Poor Buddy  am so glad he is better today xx


----------



## DONNA (Jan 7, 2011)

pixie said:


> Oh poor boy,i can imagine how panicked you would have been! Glad to hear he is ok today You really do have to keep one eye on them all the time,im getting a bit flustered with all the things Pixie keeps putting in her mouth in the garden.....keep thinking 'is this ok?' 'will this poison them?' '
> 
> So far so good though,hows Buddy in his crate? Pixie howled like a mad dog for about 40mins last night! then slept through until 5.30,no wee again in crate...2 poos outside aswell! so think i may put up with sleep deprivation x


Thanks Becky 

Crate training is going fantstic (touch wood) he cryed this morning at 5.30 but i didnt go to him as thought thats too early to get up so went down at 6.30 woke him up and straight out for a wee and poo .
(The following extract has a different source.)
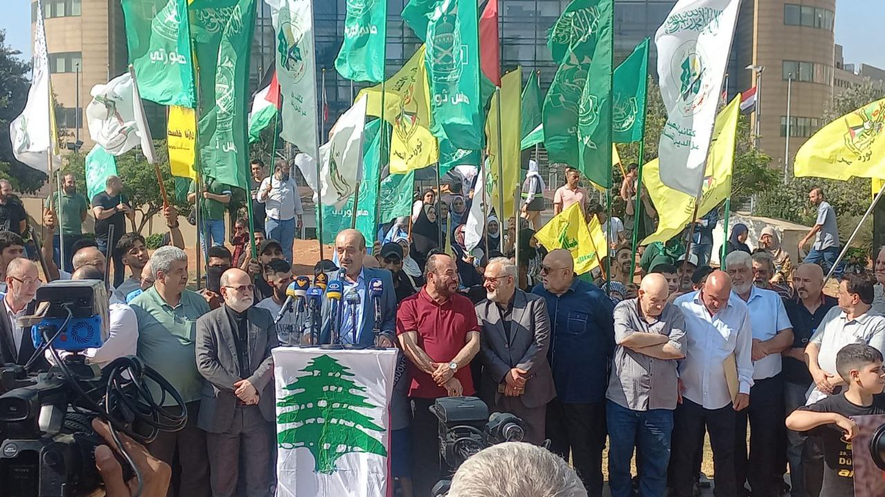 صور من الوقفة التضامنية التي نظّمتها الأحزاب اللبنانية مع التحالف الفلسطيني أمام مقر الأونروا (الأسكوا) في العاصمة اللبنانية بيروت، تضامناً مع غزة واستنكاراً لمجزرة النصيرات.

Left him by his self for half an hour yesterday in his crate (though Jake was in other room) told Jake not to go in wanted to see how he coped thinking i had gone out ,Jake said he cryed for 5-10 mins then went quiet ,so all good on the crate front.

Must say though im taking him out every time he wakes up from a nap or every hour so apart from the odd wee accident he's been fine in the day too.
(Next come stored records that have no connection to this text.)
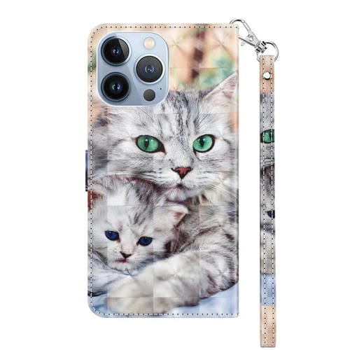Funda de Teléfono iPhone 12 Pro Max Cuero Pintado en 3D Dos Gatos Amorosos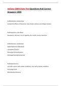 This document provides an extensive collection of Indiana QMA State Test questions with correct answers, covering all major medication classes tested on the exam, including respiratory, gastrointestinal, cardiovascular, endocrine, neurological, psychiatric, and dermatologic drugs. It details each category’s action, uses, side effects, nursing considerations, and commonly tested medications.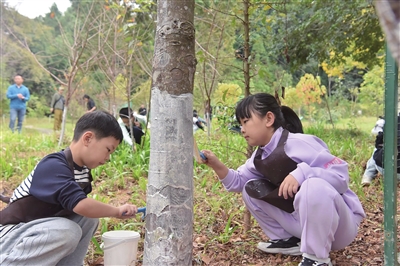 活动中,小朋友在了解树木刷白防虫、抗毒、抗寒的作用机理后,为树木涂抹涂白剂,为树干穿上“防护衣”,将劳动实践与学科知识融为一体。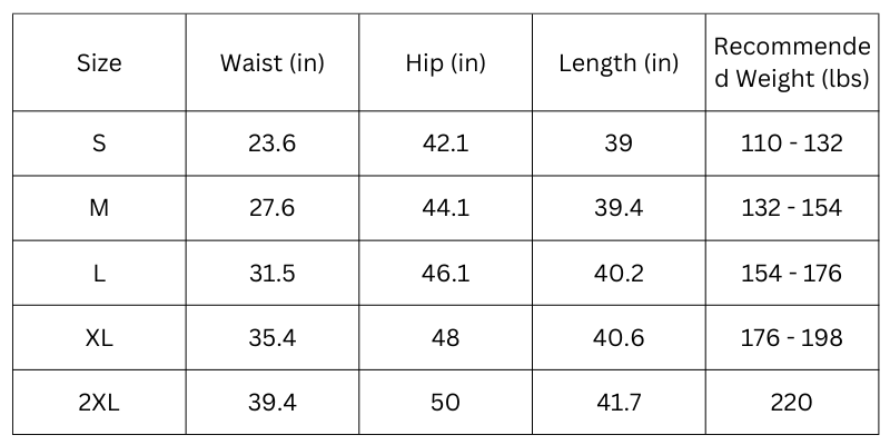 Size Chart (Inches):

Just laughing to myself thinking i was really good at potty training etc with the kids as well but it was the discipline side of things im rubbish at yikes!


----------



## JoJo (Mar 2, 2011)

Wasp sting ... You may have read on my blog, Oakley was stung on his paw and I got great advice from Kendal on here.... it is horrible when they are in pain.... but Kendal was fab.. I will never forget that she helped me out in my moment of need, she made me feel quite in control and relaxed....

If anything happens to your dog and you are a bit worried get on here.. there is always someone ready to give you good advice... 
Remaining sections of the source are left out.